- [What this task involves] The response should be an exact transcription of the data below, free of images.

-----

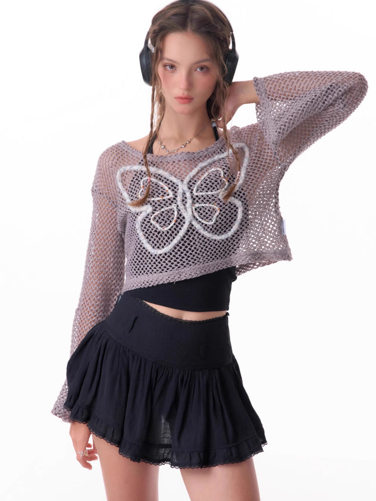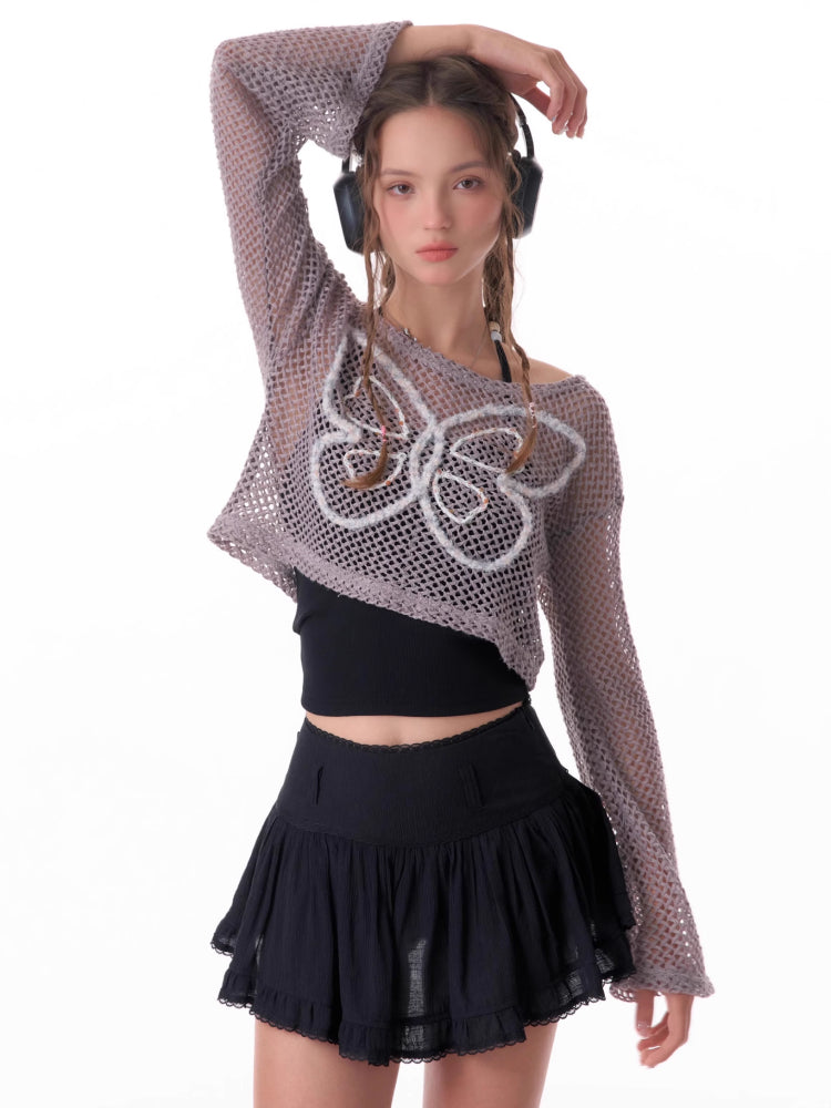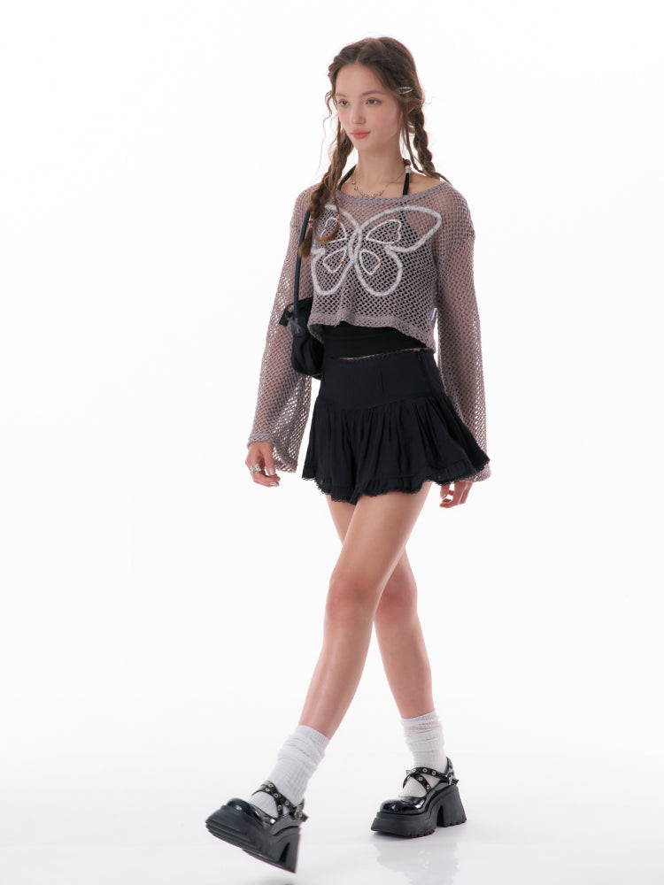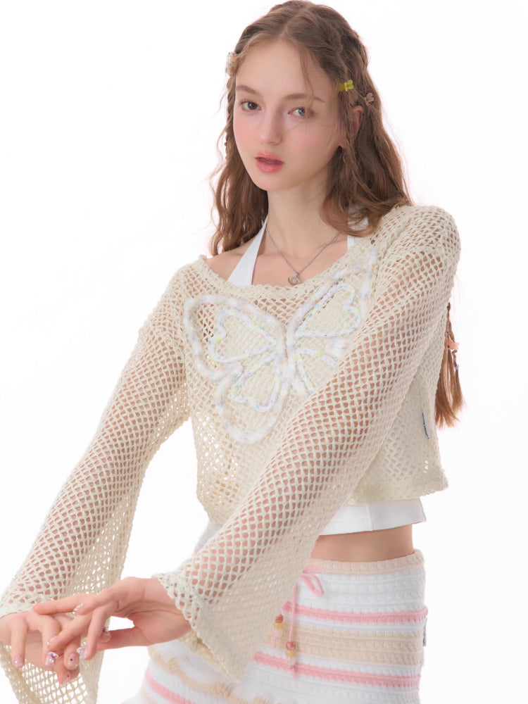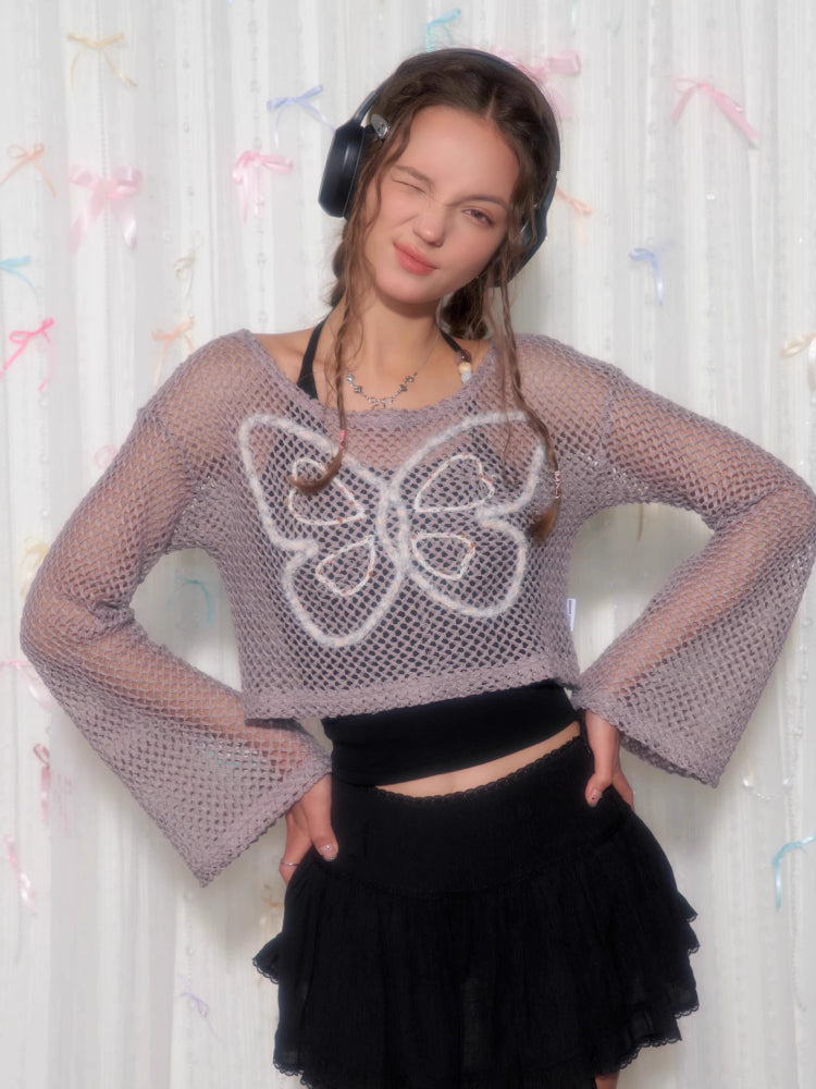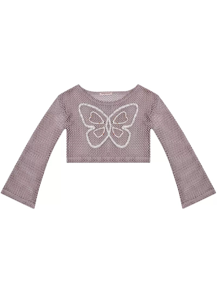 butterfly short long-sleeved top
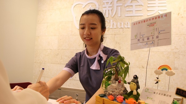 從踏進診所大門小護士就會面帶笑容從櫃檯站起來
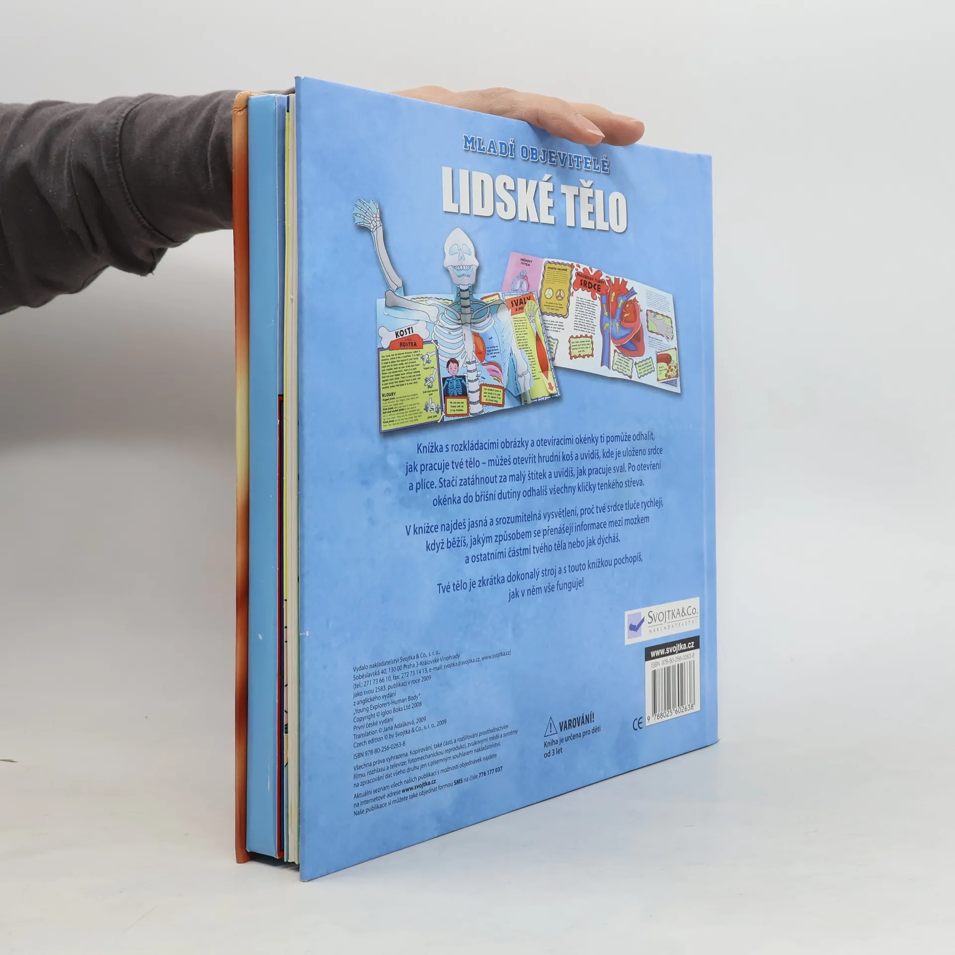 Naše tělo je úžasný „stroj" – dívej se a nauč se něco tom, jak funguje! V knížce najdeš mnoho rozkládacích a otvíracích okének se zajímavými informacemi, které se týkají stavby a fungování lidského těla. Ale pozor, nesmíš se polekat – ani panoramatické kostry! Knížka je určena všem malým začínajícím „doktorům či badatelům“, kteří se chtějí hravou formou a za pomoci srozumitelného textu a jednoduchých názorných obrázků dozvědět vše o lidském těle: kostře, kloubech, svalech, smyslech, mozku, nervovém systému, srdci, krevním oběhu, trávení, až po způsob dodávání energie či „vylučování odpadu“ z těla. A ještě něco navíc, chceš si sáhnout na „opravdové“ srdce? Na titulní straně najdeš jeho zajímavou maketu.
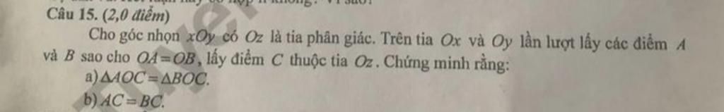 Câu 15. (2,0 điểm) Cho góc nhọn xOy có Oz là tia phân giác. Trên tia Ox và Oy lần lượt lấy các điểm d và B sao cho OA=OB, lấy điểm C thuộc tia Oz . Chứng minh rằng:
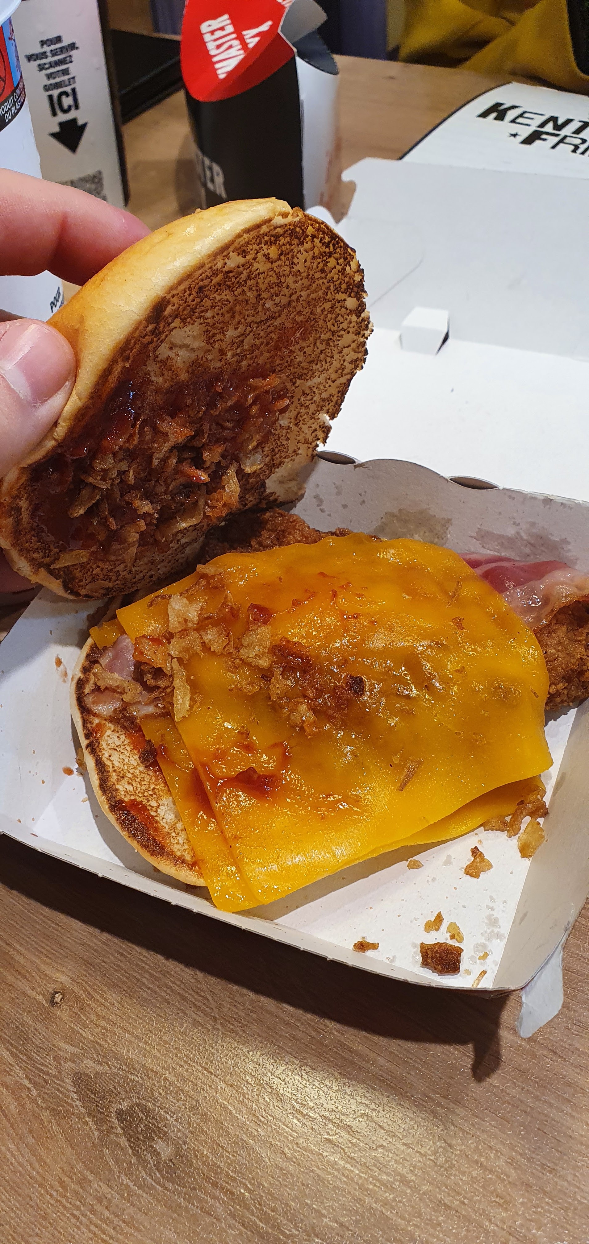 Arrivée au drive. J’étais seul, grosse attente avant que quelqu’un un prenne ma commande. Je demande gentiment à cette personne d’être vigilant à la température du repas car j’ai eu plusieurs mauvaises expériences consécutives au même endroit, on me répond « nous n’avons pas de toaster c’est normal… » Je vérifie la commande qui est complète ( contrairement à la fois précédente) Un bon point. Je arrivée au domicile je suis voisin et à 3 minutes de route. Les frites froides, tenders froids, Hamburger froid et avec un goût de brûlé. En l’ouvrant, je comprends mieux (cf photo) Merci KFC Neuville en Ferrain de me décevoir à nouveau. Je n’ai pas pour habitude de laisser ce genre de commentaire mais 5 fois de suite ça commence à faire beaucoup.
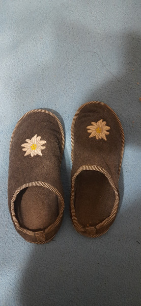 Домашні капці, матеріал щось на кшталт фетру, підошва така ж, по устілці пр.27 см. Стан хороший
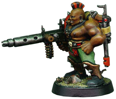This here is "Pyro" one of the gangs specialists. He started off a juve and lucked out on the tech table. The mini is a savage with gun from the Future Warriors range.
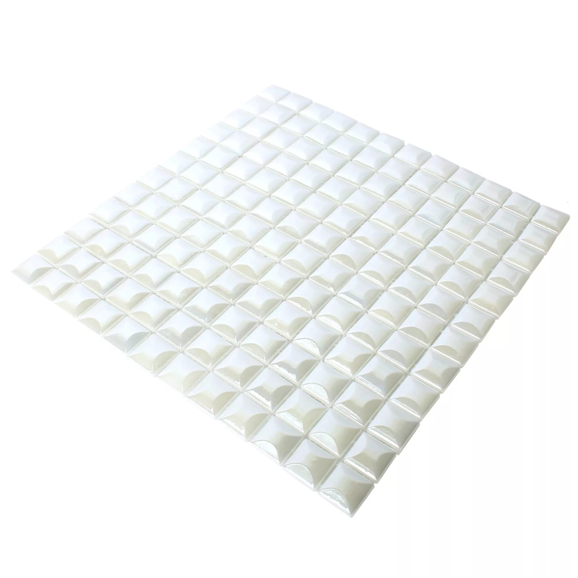 Mosaico Vetro Piastrella Monrovia Bianco 3D Metallico
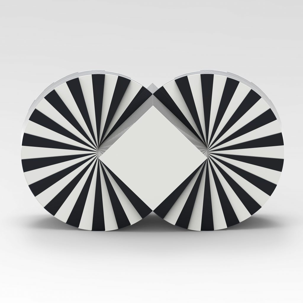 Superando i limiti della settorialità delle discipline con naturalezza e creatività, Morandini affida lo sviluppo di ogni opera alla certezza della matematica, all’equilibrio di rapporti formali scientificamente controllabili. Forme geometriche elementari compongono il suo vocabolario artistico per creare combinazioni e trasformazioni determinate dal movimento nello spazio, enfatizzate dall’alternanza del bianco e del nero.
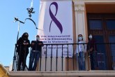24/11/2020 Un gran lazo violeta da visibilidad desde la fachada del Ayuntamiento al Día Internacional contra la Violencia de Género
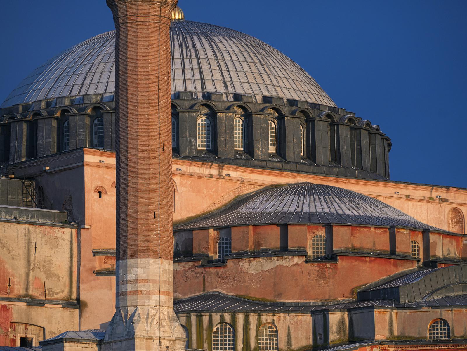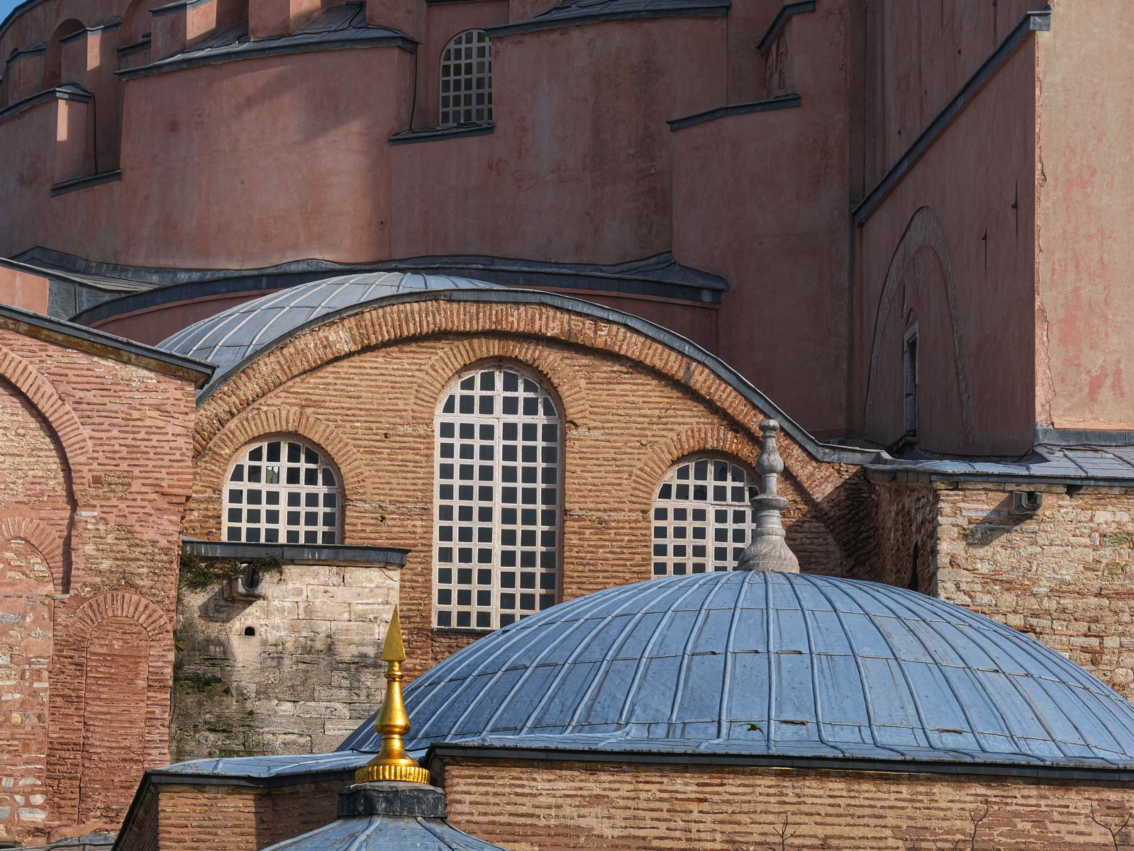 The current structure is the third Hagia Sophia on the site. Constantine’s basilica was destroyed by fire following religious riots in 404 and the second iteration was destroyed in 532 during the Nika Riot, the consequence of a hotly contested chariot race that became a rebellion. Much of Constantinople went up in flames and more than 30,000 rioters were herded into the Hippodrome and slaughtered by Emperor Justinian’s troops. Reconstruction started immediately and the current Hagia Sophia took six years to complete. Originally clad in white marble, it was visible for miles from the Sea of Marmara.
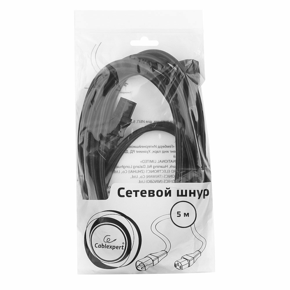 Кабель питания системный блок-монитор Cablexpert PC-189-1-5M, 5 м, C13-C14, 3x1кв.мм., черный, с заземлением
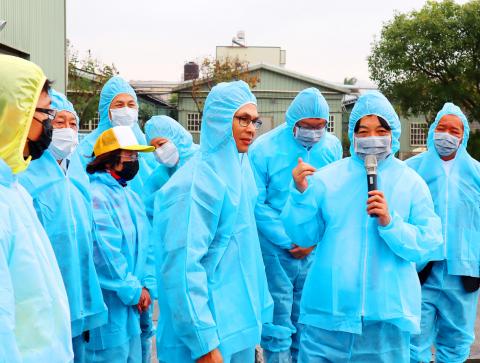 Following President Tsai Ing-wen’s (蔡英文) visit to Yunlin County hog farms on Saturday, Lai yesterday visited Rueising livestock farm in Cingshuei District (清水) to inspect processes meant to reduce the chances of infection.
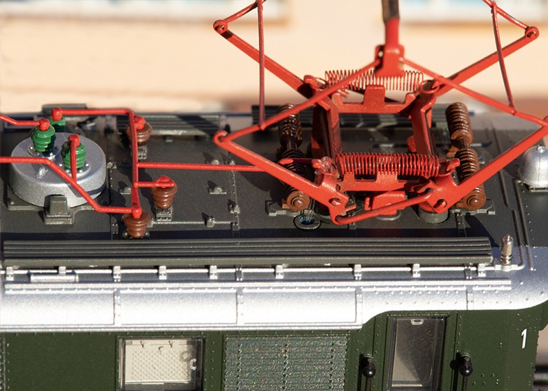 Modell: Mit Digital-Decoder mfx+ und umfangreichen Geräuschfunktionen. Geregelter Hochleistungsantrieb mit Schwungmasse, zentral eingebaut. Jeweils 2 Achsen in jedem Drehgestell über Kardan angetrieben. Haftreifen. Fahrtrichtungsabhängig wechselndes Dreilicht-Spitzensignal und zwei rote Schlusslichter konventionell in Betrieb, digital schaltbar. Spitzensignal an Lokseite 2 und 1 jeweils digital separat abschaltbar. Wenn Spitzensignal an beiden Lokseiten abgeschaltet ist, dann beidseitige Funktion des Doppel-A-Lichtes. Führerstandsbeleuchtung separat digital schaltbar. Beleuchtung mit wartungsfreien warmweißen und roten Leuchtdioden (LED). Beide Scherenstromabnehmer als Digital-Funktion separat heb- und senkbar. Separat angesetzte Griffstangen. Führerstände mit Inneneinrichtung. Maschinenraum mit Relief-Inneneinrichtung. Ansteckbare Bremsschläuche, Kupplungshaken und Heizkupplungen liegen separat bei. Länge über Puffer 16,4 cm.
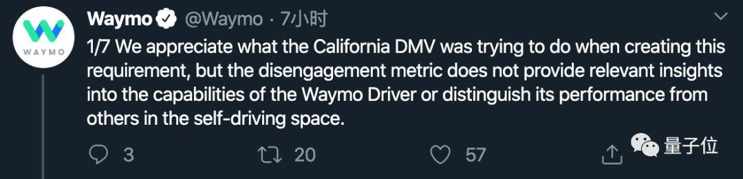 Waymo今早发布推特上称,脱离指标并没有提供有关Waymo司机能力的相关见解,不认为(加州)脱离接触的数据应该用来比较性能。

-----

- [Written answer]
 butterfly short long-sleeved top
 從踏進診所大門小護士就會面帶笑容從櫃檯站起來
 Naše tělo je úžasný „stroj" – dívej se a nauč se něco tom, jak funguje! V knížce najdeš mnoho rozkládacích a otvíracích okének se zajímavými informacemi, které se týkají stavby a fungování lidského těla. Ale pozor, nesmíš se polekat – ani panoramatické kostry! Knížka je určena všem malým začínajícím „doktorům či badatelům“, kteří se chtějí hravou formou a za pomoci srozumitelného textu a jednoduchých názorných obrázků dozvědět vše o lidském těle: kostře, kloubech, svalech, smyslech, mozku, nervovém systému, srdci, krevním oběhu, trávení, až po způsob dodávání energie či „vylučování odpadu“ z těla. A ještě něco navíc, chceš si sáhnout na „opravdové“ srdce? Na titulní straně najdeš jeho zajímavou maketu.
 Câu 15. (2,0 điểm) Cho góc nhọn xOy có Oz là tia phân giác. Trên tia Ox và Oy lần lượt lấy các điểm d và B sao cho OA=OB, lấy điểm C thuộc tia Oz . Chứng minh rằng:
 Arrivée au drive. J’étais seul, grosse attente avant que quelqu’un un prenne ma commande. Je demande gentiment à cette personne d’être vigilant à la température du repas car j’ai eu plusieurs mauvaises expériences consécutives au même endroit, on me répond « nous n’avons pas de toaster c’est normal… » Je vérifie la commande qui est complète ( contrairement à la fois précédente) Un bon point. Je arrivée au domicile je suis voisin et à 3 minutes de route. Les frites froides, tenders froids, Hamburger froid et avec un goût de brûlé. En l’ouvrant, je comprends mieux (cf photo) Merci KFC Neuville en Ferrain de me décevoir à nouveau. Je n’ai pas pour habitude de laisser ce genre de commentaire mais 5 fois de suite ça commence à faire beaucoup.
 Домашні капці, матеріал щось на кшталт фетру, підошва така ж, по устілці пр.27 см. Стан хороший
This here is "Pyro" one of the gangs specialists. He started off a juve and lucked out on the tech table. The mini is a savage with gun from the Future Warriors range.
 Mosaico Vetro Piastrella Monrovia Bianco 3D Metallico
 Superando i limiti della settorialità delle discipline con naturalezza e creatività, Morandini affida lo sviluppo di ogni opera alla certezza della matematica, all’equilibrio di rapporti formali scientificamente controllabili. Forme geometriche elementari compongono il suo vocabolario artistico per creare combinazioni e trasformazioni determinate dal movimento nello spazio, enfatizzate dall’alternanza del bianco e del nero.
24/11/2020 Un gran lazo violeta da visibilidad desde la fachada del Ayuntamiento al Día Internacional contra la Violencia de Género
 The current structure is the third Hagia Sophia on the site. Constantine’s basilica was destroyed by fire following religious riots in 404 and the second iteration was destroyed in 532 during the Nika Riot, the consequence of a hotly contested chariot race that became a rebellion. Much of Constantinople went up in flames and more than 30,000 rioters were herded into the Hippodrome and slaughtered by Emperor Justinian’s troops. Reconstruction started immediately and the current Hagia Sophia took six years to complete. Originally clad in white marble, it was visible for miles from the Sea of Marmara.
 Кабель питания системный блок-монитор Cablexpert PC-189-1-5M, 5 м, C13-C14, 3x1кв.мм., черный, с заземлением
 Following President Tsai Ing-wen’s (蔡英文) visit to Yunlin County hog farms on Saturday, Lai yesterday visited Rueising livestock farm in Cingshuei District (清水) to inspect processes meant to reduce the chances of infection.
 Modell: Mit Digital-Decoder mfx+ und umfangreichen Geräuschfunktionen. Geregelter Hochleistungsantrieb mit Schwungmasse, zentral eingebaut. Jeweils 2 Achsen in jedem Drehgestell über Kardan angetrieben. Haftreifen. Fahrtrichtungsabhängig wechselndes Dreilicht-Spitzensignal und zwei rote Schlusslichter konventionell in Betrieb, digital schaltbar. Spitzensignal an Lokseite 2 und 1 jeweils digital separat abschaltbar. Wenn Spitzensignal an beiden Lokseiten abgeschaltet ist, dann beidseitige Funktion des Doppel-A-Lichtes. Führerstandsbeleuchtung separat digital schaltbar. Beleuchtung mit wartungsfreien warmweißen und roten Leuchtdioden (LED). Beide Scherenstromabnehmer als Digital-Funktion separat heb- und senkbar. Separat angesetzte Griffstangen. Führerstände mit Inneneinrichtung. Maschinenraum mit Relief-Inneneinrichtung. Ansteckbare Bremsschläuche, Kupplungshaken und Heizkupplungen liegen separat bei. Länge über Puffer 16,4 cm.
 Waymo今早发布推特上称,脱离指标并没有提供有关Waymo司机能力的相关见解,不认为(加州)脱离接触的数据应该用来比较性能。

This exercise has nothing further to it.